Take the entries below and reproduce exactly the portion that begins at the line containing "(Height Up To 7mm)" and ends at the line containing "والثاني- وهو مذهب", keeping both ends, dropping pictures, and adding nothing else.

──────────

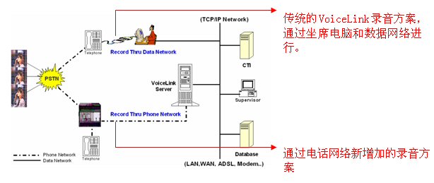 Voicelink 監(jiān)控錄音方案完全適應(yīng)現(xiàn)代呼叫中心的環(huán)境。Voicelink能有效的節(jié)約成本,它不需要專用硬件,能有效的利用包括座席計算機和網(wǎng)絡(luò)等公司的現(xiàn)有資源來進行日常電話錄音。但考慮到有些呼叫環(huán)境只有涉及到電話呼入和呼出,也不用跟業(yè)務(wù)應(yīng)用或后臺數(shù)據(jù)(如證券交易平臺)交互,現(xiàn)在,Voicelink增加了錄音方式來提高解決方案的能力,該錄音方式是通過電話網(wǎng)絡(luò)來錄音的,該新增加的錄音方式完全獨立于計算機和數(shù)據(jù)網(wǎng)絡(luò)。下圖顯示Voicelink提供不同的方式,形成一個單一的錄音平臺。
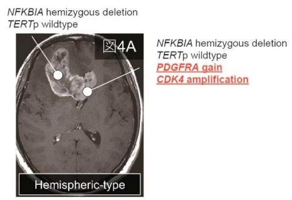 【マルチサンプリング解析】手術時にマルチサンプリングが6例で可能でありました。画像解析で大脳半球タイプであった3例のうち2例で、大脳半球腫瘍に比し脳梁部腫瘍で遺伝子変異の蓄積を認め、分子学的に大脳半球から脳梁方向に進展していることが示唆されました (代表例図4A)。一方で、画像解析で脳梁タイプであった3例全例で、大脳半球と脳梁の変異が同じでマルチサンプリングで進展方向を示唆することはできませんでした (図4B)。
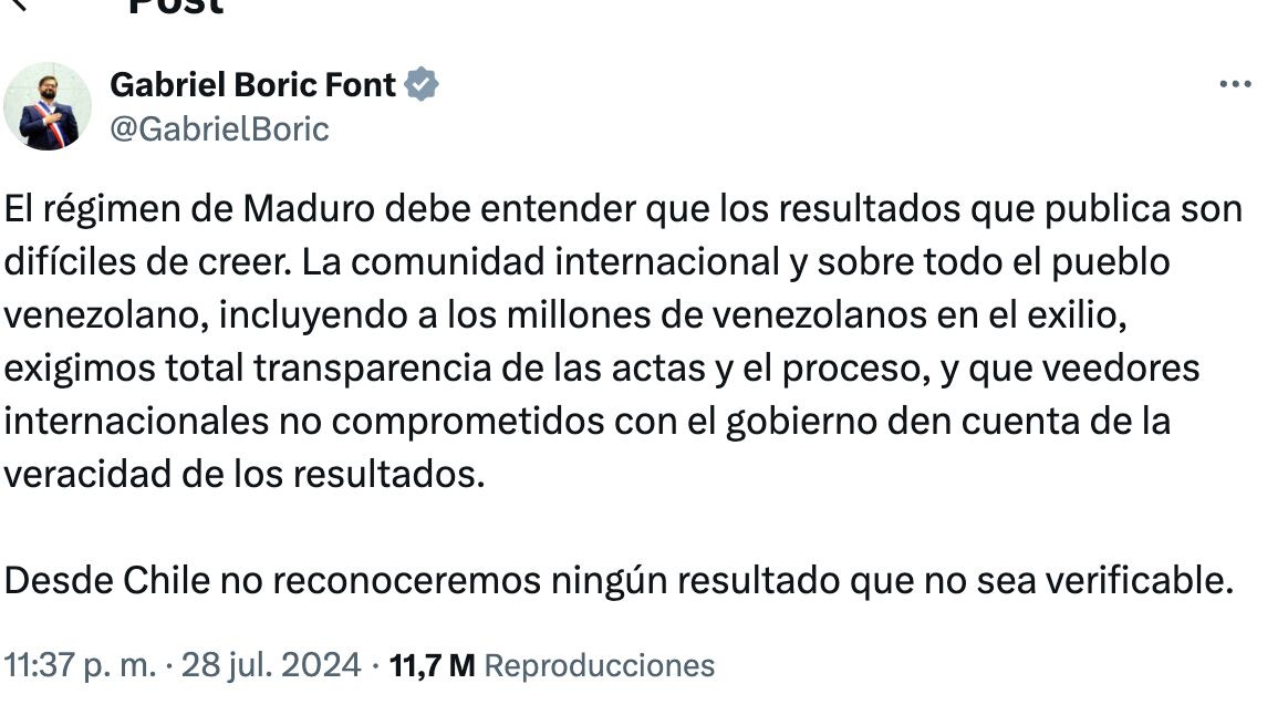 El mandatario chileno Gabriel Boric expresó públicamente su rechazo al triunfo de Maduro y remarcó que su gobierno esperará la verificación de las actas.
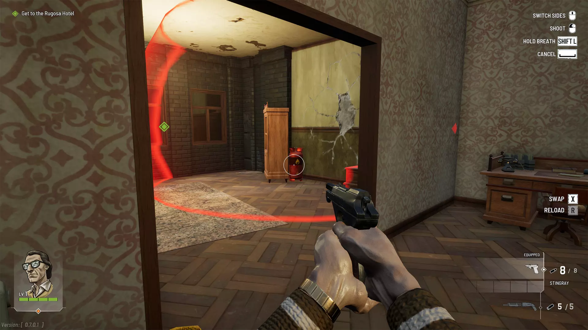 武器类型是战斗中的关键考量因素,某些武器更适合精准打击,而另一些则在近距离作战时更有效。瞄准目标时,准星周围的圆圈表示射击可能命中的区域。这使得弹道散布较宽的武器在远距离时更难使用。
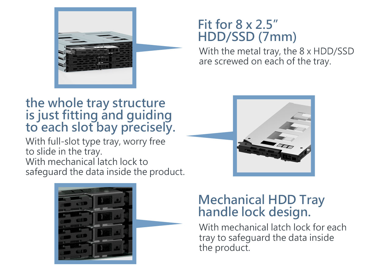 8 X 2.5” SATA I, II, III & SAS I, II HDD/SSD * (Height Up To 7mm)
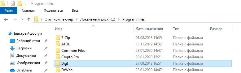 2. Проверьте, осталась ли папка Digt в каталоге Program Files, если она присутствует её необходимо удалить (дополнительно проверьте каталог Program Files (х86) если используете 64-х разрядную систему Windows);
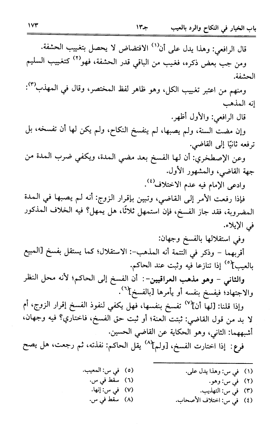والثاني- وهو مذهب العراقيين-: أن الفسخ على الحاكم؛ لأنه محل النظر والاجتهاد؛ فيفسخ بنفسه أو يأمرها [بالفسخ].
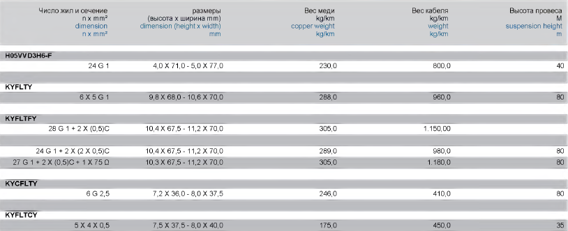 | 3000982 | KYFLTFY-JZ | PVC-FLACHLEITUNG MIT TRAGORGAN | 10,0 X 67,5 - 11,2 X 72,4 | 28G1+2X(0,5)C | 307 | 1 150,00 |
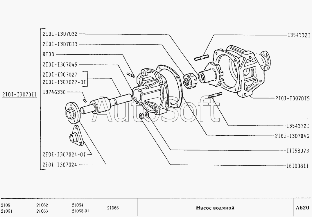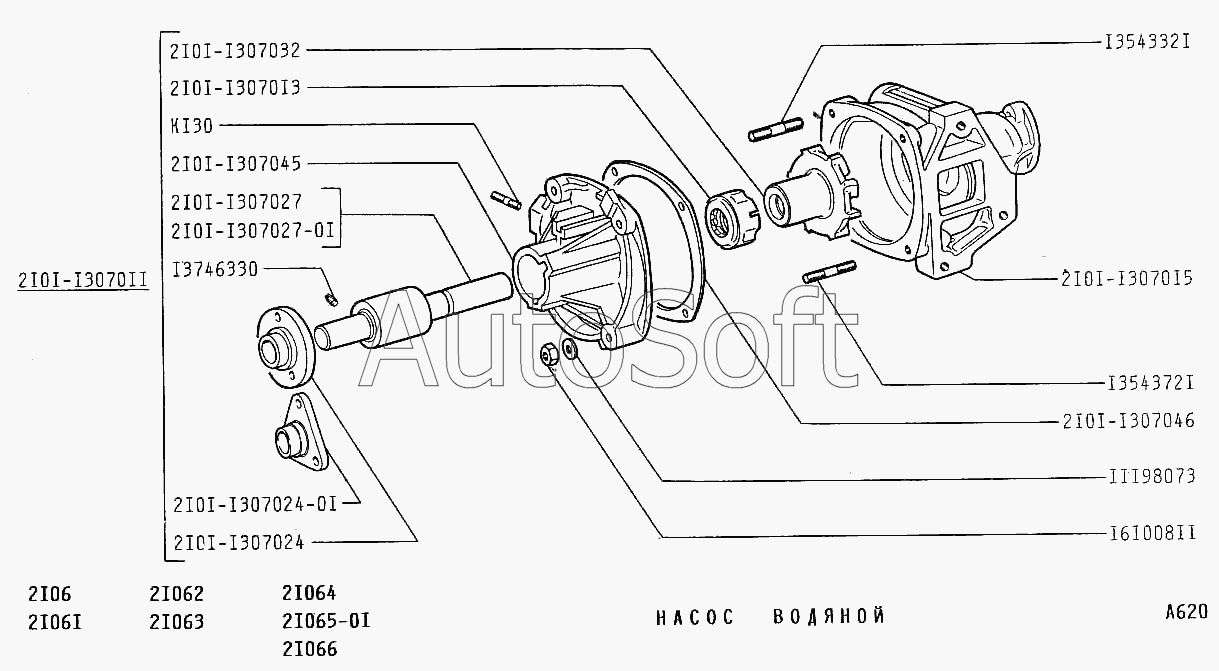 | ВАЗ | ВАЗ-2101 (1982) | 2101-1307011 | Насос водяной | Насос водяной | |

──────────

#### Answer to this exercise
 8 X 2.5” SATA I, II, III & SAS I, II HDD/SSD * (Height Up To 7mm)
 2. Проверьте, осталась ли папка Digt в каталоге Program Files, если она присутствует её необходимо удалить (дополнительно проверьте каталог Program Files (х86) если используете 64-х разрядную систему Windows);
والثاني- وهو مذهب العراقيين-: أن الفسخ على الحاكم؛ لأنه محل النظر والاجتهاد؛ فيفسخ بنفسه أو يأمرها [بالفسخ].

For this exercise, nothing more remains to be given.